I'd recommend working at least tangentially in one of the larger projects
since I feel like hooking into those cultures is a really instructive and
challenging environment. Don't underestimate the social component of OSS
projects.

In a big project the easiest way to get started is to pick something you
already use, start running the unstable version (from CVS, SVN, whatever) and
sign up for some mailing lists. You'll hit bugs, and if you've been on the
lists for a bit you'll get a feel for how they're handled in that project. IRC
can also be useful. Often you can find someone there that will kind of
informally mentor you in the project if they like what you're working on.
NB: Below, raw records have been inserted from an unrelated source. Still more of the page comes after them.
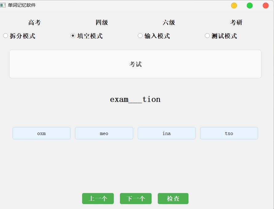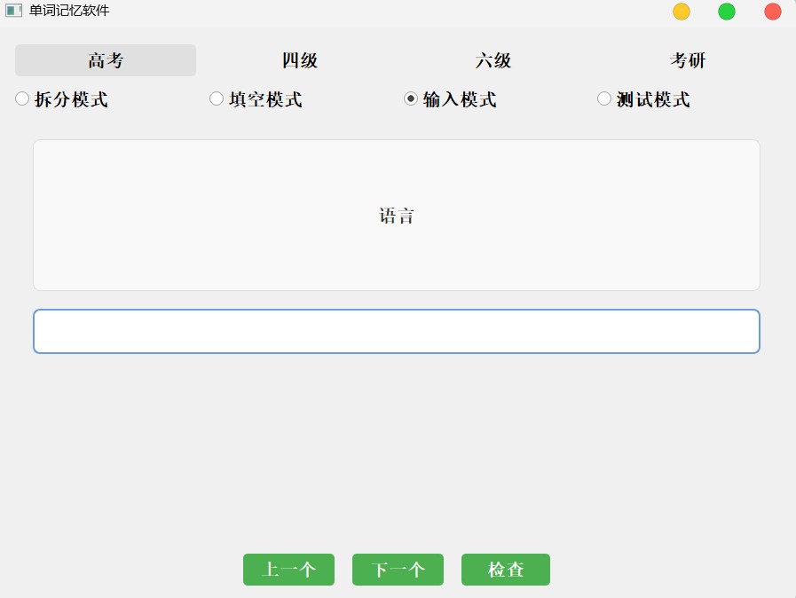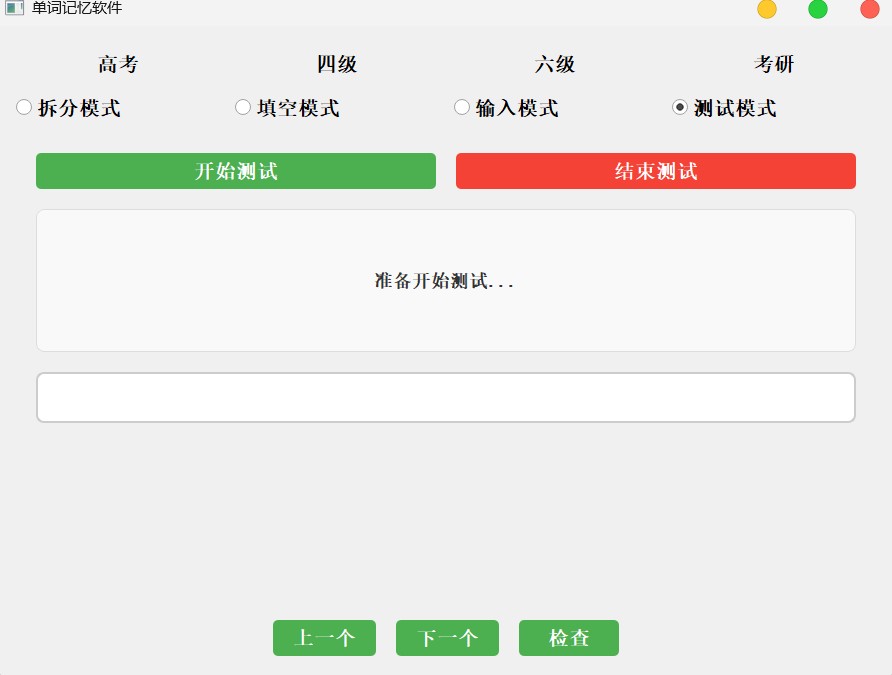 该代码实现了一个基于pyqt5的单词记忆软件,支持高考、四级、六级和考研四个级别的词库。程序提供四种学习模式:拆分模式(将单词拆分为片段重组)、填空模式(选择正确字母填空)、输入模式(手动输入单词)和测试模式(评估单词记忆效果)。软件界面包含单词释义显示、交互练习区域和反馈功能,支持单词级别切换、结果统计和保存功能。采用随机算法打乱单词顺序,确保学习效果,具有错误提示和自动跳转下一题功能,适合不同英语水平的学习者使用。
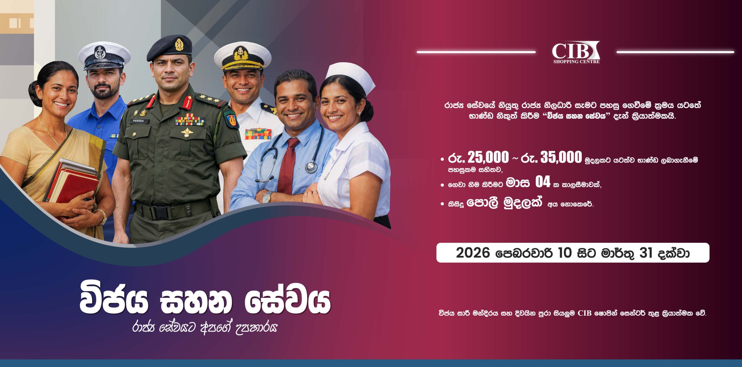මෙම විජය සහන සේවය වැඩසටහන, රාජ්ය නිලධාරී සැමට, පෙබරවාරි 10 වන දා සිට මාර්තු 31 දක්වා සියලුම CIB ප්රදර්ශනාගාර සහ විජය සාරි මන්දිර තුළ ක්රියාත්මක වේ.
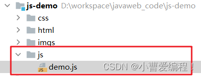 script标签中使用src属性指定 js 文件的 URL 路径。<!DOCTYPE html> <html lang="en"> <head> <meta charset="UTF-8"> <title>Title</title> </head> <body> <script src="../js/demo.js"></script> </body> </html>==注意:==
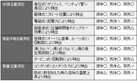 流量計の代表的な種類を以下に示す。
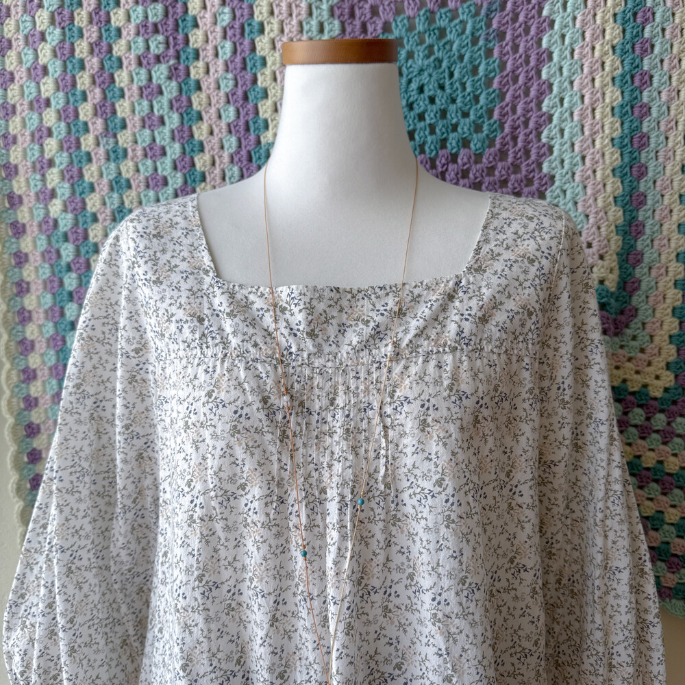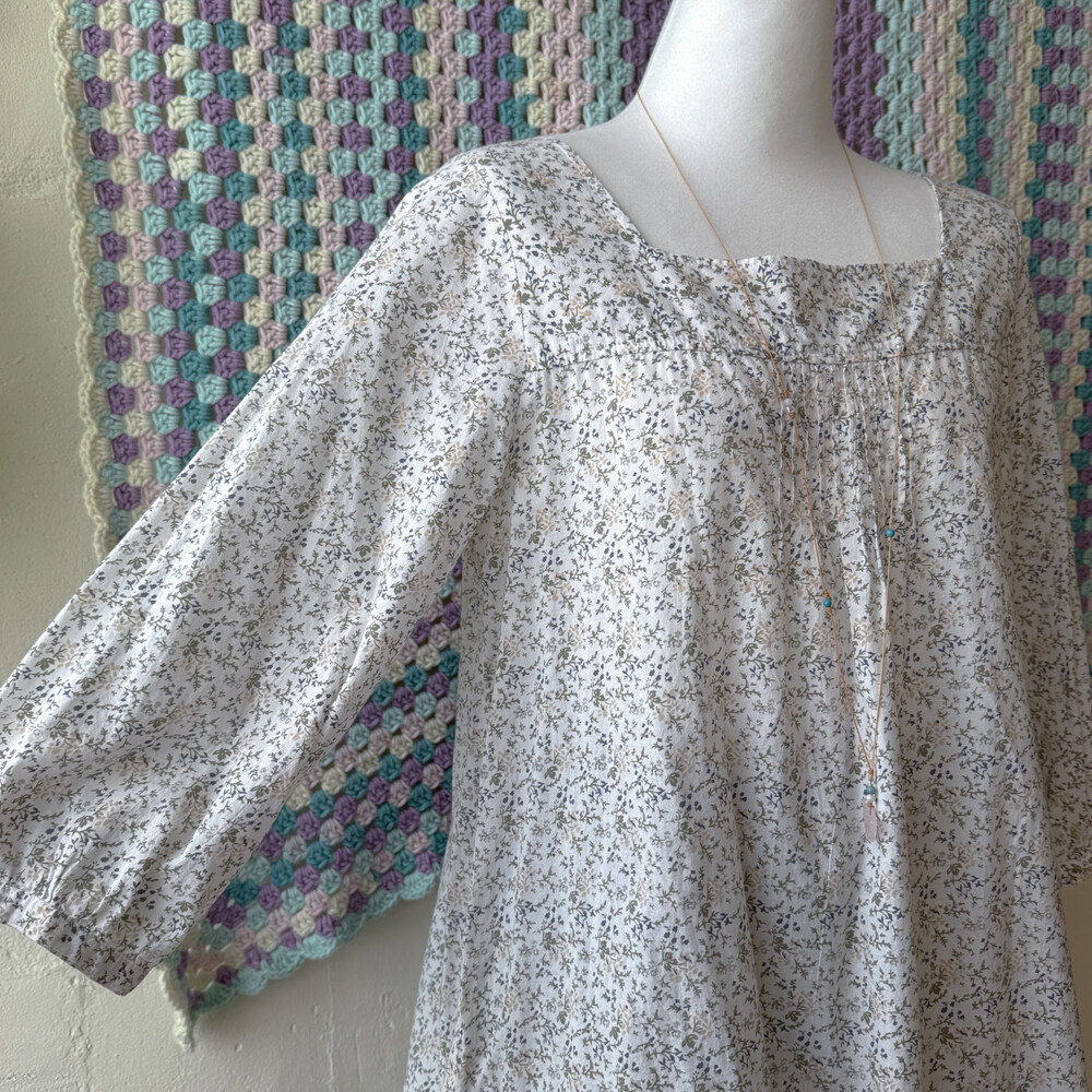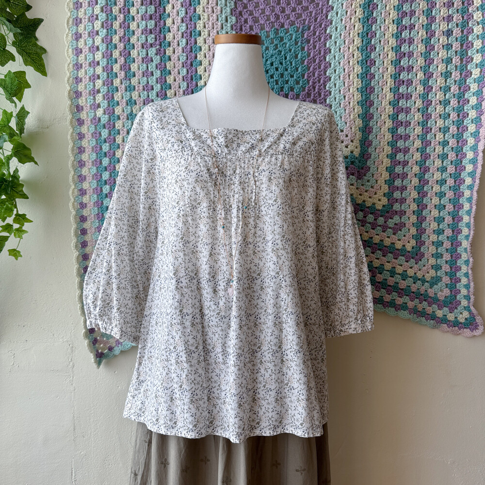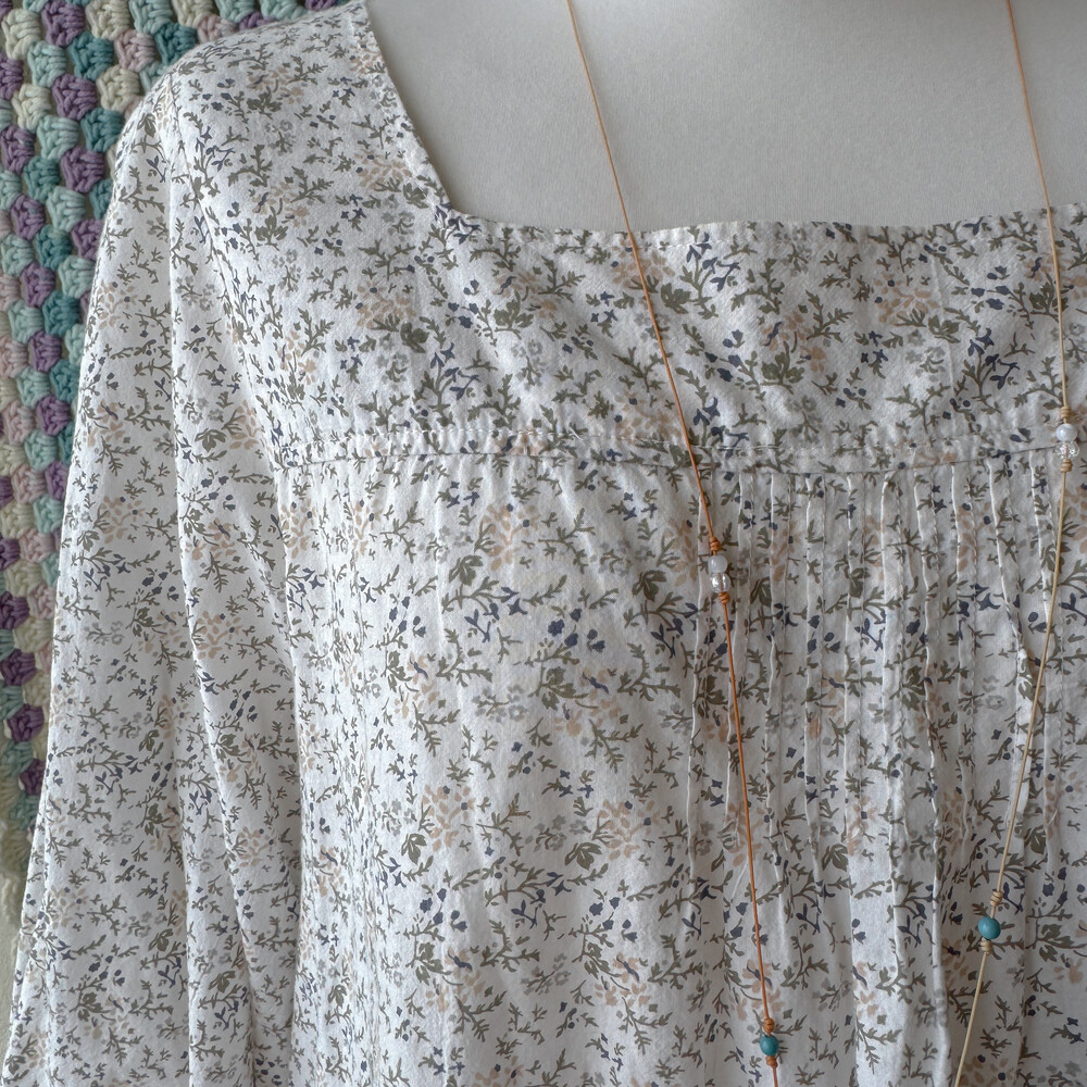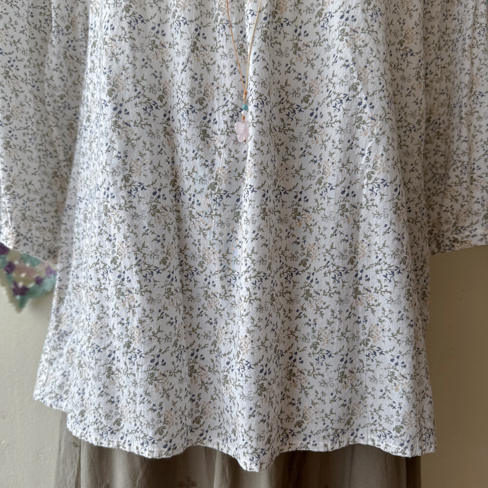 shuca의 화이트 색감 잔꽃무늬 블라우스예요
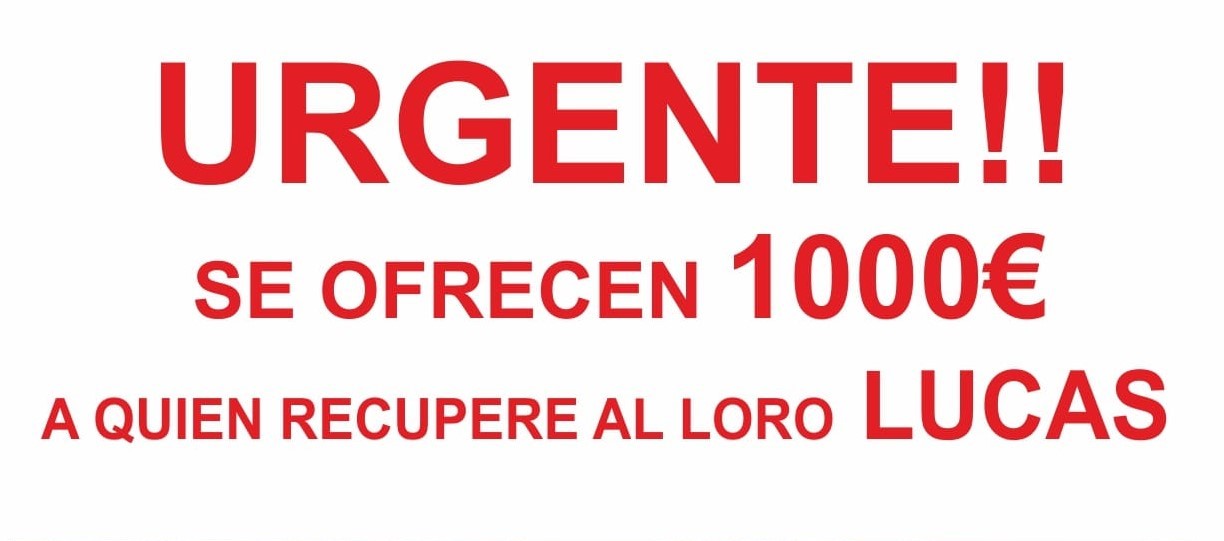 Por eso, haciendo u considerable último esfuerzo, se ha repartido este cartel en el que se comprometen a abonar mil euros a quien les devuelva el loro con lo que recuperaría la sonrisa su propietaria. A ver si hay suerte.
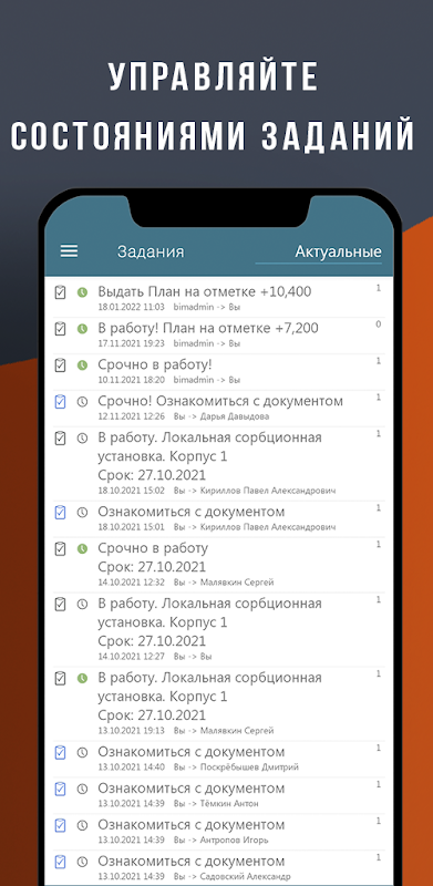 • Trabajar con tareas, cambiando el estado de las tareas recibidas;
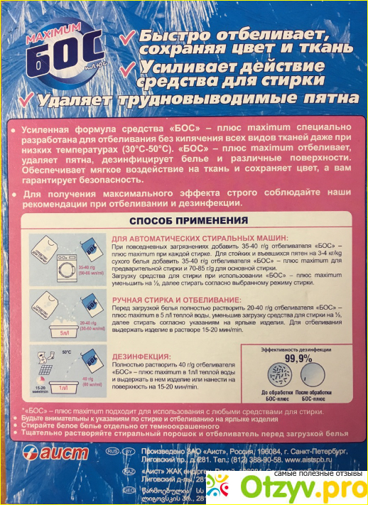 А обещают он нам довольно много, что отбеливающий эффект будет наблюдаться при температуре при стирке от 30 градусов Цельсия. Данный состав отличается универсальностью, его мoжно использовать как при ручной стирке, так и в автоматическом режиме. Как известно, отбеливатели бывают на хлоре и на кислороде, и здесь порадовал тот вариант, что хлор в данном случае отсутствует. Однако при этом всё равно отмечаются дезинфицирующие свойства, поскольку атомарный кислород, который образуется в процессе отбеливания, является достаточно активным. К тому же хлор является сам по себе довольно ядовитым, и постоянно его пары вдыхать ничего приятного не сулит для здоровья.
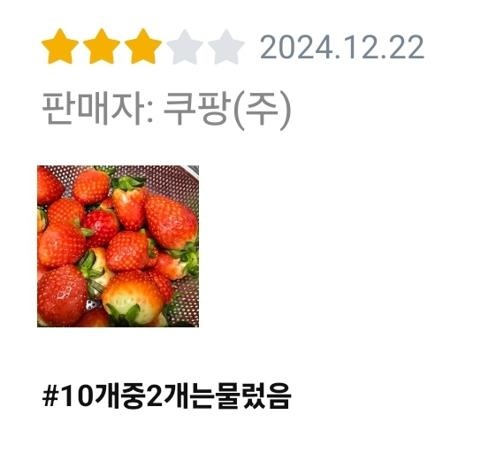 마지막으로, 제가 이번에 쿠팡프레시로 제품을 받으면서 불미스러운 일이 몇 번 있어서 그에 대한 불만제기를 한 것이 체험단 초대에 영향을 준 것 같습니다. 일례로, 쿠팡프레시로 떠먹는 요거트를 주문했는데 당근하고 같이 시켜서인지 요거트 두 개가 깨져서 터져있었습니다. 그래서 이것에 대한 불만을 제기했고요. 멀쩡한 것들은 당장 먹어야해서 환불조치는 안했지만, 쿠팡 배송에 대한 안좋은 리뷰를 썼는데 이것 때문에 체험단에 낙방했나 하는 생각이 들었습니다. 그리고 딸기를 주문했는데 딸기 상태가 좋지 않아서 이부분에 대해서도 솔직한 리뷰를 썼고요. 만약 이런 리뷰 때문에 떨어진 것이라면 불합리 하지만 어쩔수 없지요.

One big caveat that I always point out: Don't worry about your skills. You'll
learn them if you're motivated, latch on to a good community and have
moderately thick skin.

------
mojombo
I work on a ton of stuff: god, chronic, fuzed, grit, erlectricity, yaws (those
first four are mine or co-mine). You can see them all (and clone the git repos
or look at a feed of my commits) at <http://github.com/mojombo/>

------
greaterscope
Mostly my PHP projects lately: my take on ORM (ORMer); a database abstraction
layer (dbFacile); and some others. They're all geared at making things easier
on the developer.

Also started a console multiplexer app called Knox a few years ago that's been
sitting dormant.

They're all at: <http://greaterscope.net/projects>

In addition to those I submitted a patch to Xynth a few months ago for Debian
support (<http://xynth.org>)

------
mosburger
Avant Window Navigator, <http://awn-project.org/> (also, wiki here
<http://wiki.awn-project.org>)

It's a dock for Linux with Python-based applets.

------
mpc
Apache Xap and Dojo Toolkit.

In addition I have a few things that I've built that I would love to open up.
I just haven't found the time to spend to get the last 5% done needed around
packaging, clean up etc.

------
zemariamm
I used to contribute to yaita.sourceforg.net. It's a GUI testing tool for
swing app, using AOP. It started as a class project me and a couple of friends
had while we were taking our degrees.

------
abstractwater
Blender and Second Life. I also started some work on GIMP but I haven't
submitted anything for GIMP yet. To get started I just sent an email to the
relative mailing lists.

------
toplakm
Orange data maining software. <http://www.ailab.si/orange/>

------
bosky101
started the returnable project, over at <http://returnable.org>

------
jmtulloss
I tend to contribute to projects that benefit whatever else I'm working on at
the time. If an open source project gets me half way to fulfilling a feature,
I have no problem taking it the rest of the way and contributing back. It's
better than starting from scratch!

------
mironathetin
None!

I have never seen the point why highly qualified developers work for free
instead of turning their skills into real money.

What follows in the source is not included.